This guide is written for AI agents that manage Cloud resources through the Cloud CLI. It covers best practices, working principles, and common workflows for using the CLI in an agentic development context.

If you're a human user, copy the following instructions to your agent to get started:

markdown
Fetch https://docs.medusajs.com/cloud/cli/agents and set up the Medusa Cloud CLI.

You can also install the instructions in this document as a skill in your agent:

<CodeTabs group="agent-skills"> <CodeTab label="Claude Code" value="claude-code">
bash
claude # start claude code
/plugin marketplace add medusajs/medusa-agent-skills
/plugin install medusa-cloud@medusa
</CodeTab> <CodeTab label="Other AI Agents" value="skills-command">
bash
npx skills add medusajs/medusa-agent-skills
# choose the following skill:
# - using-medusa-cloud
</CodeTab> </CodeTabs>

Working Principles

AI agents should follow these defaults whenever they operate the CLI:

  • Always pass --json when parsing output. The plaintext output is for human readers and may change without warning; machine-readable JSON is stable and structured.
  • Confirm context before acting. Run mcloud whoami before any state change so you know which organization, project, and environment you'll affect.
  • Set context once, not per command. Use mcloud use to persist organization, project, and environment, then drop the flags from subsequent commands.
  • Read before you write. Run a get or list before any delete, redeploy, or trigger-build to verify you're targeting the right resource.
  • Use --yes for irreversible operations. mcloud projects delete and mcloud environments delete require confirmation in interactive mode and refuse to run without --yes in non-interactive mode.
  • Production environments cannot be deleted. mcloud environments delete errors on production environments by design. Do not attempt to bypass it.
  • Pipe to jq for extraction. Avoid string-parsing JSON; pipe --json output into jq for structured access.

Set Up the CLI

AI agents should run this one-time setup before any other CLI work, then never repeat it on the same machine. Skip the steps whose checks already pass.

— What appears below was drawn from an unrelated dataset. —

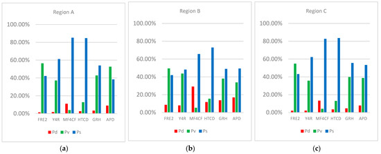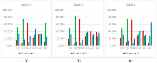 In order to conduct a comprehensive quantitative evaluation of the scattering components, the research team strategically selected three distinct test regions for use in a specific data analysis, as depicted in Figure 7. These regions, each measuring a size of 100 × 120 pixels, are labeled as region A, region B, and region C. Region A is situated in a vast grassland area, region B is located in an urban area, and region C is located on a grassland road. Table 2 shows the percentage of each polarization component for all methods in the three regions. For a more intuitive, clearer view of the results, we transformed Table 2 above into a bar chart, shown in Figure 10. The polarimetric target decomposition components for a range of algorithms are detailed in Figure 10, indicating the percentage of components in each of the three regions.

1. Check Whether the CLI Is Already Installed

Before doing anything else, check whether the CLI is already on the system:

bash
mcloud --version

If the command exits with 0 and prints a version string, the CLI is installed. Skip the rest of this section and move on to Confirm Authentication and Context. If the command is not found, continue to the next step.

2. Verify Node.js Version

The CLI requires Node.js v22 or later. Check the installed version:

bash
node --version

If the version is below v22, ask the user to upgrade Node.js (for example, via nvm or the official installer) and rerun the check before continuing. Do not attempt to upgrade Node.js without authorization.

3. Install the Cloud CLI

Install @medusajs/mcloud globally with the user's preferred package manager:

bash
npm install @medusajs/mcloud -g

Verify the install:

bash
mcloud --version

A successful version string confirms the CLI is on PATH. If the command is not found, ask the user to check their global npm bin directory is on PATH or to reinstall with a different package manager.

4. Log In or Sign Up

Ask the user whether they already have a Cloud account.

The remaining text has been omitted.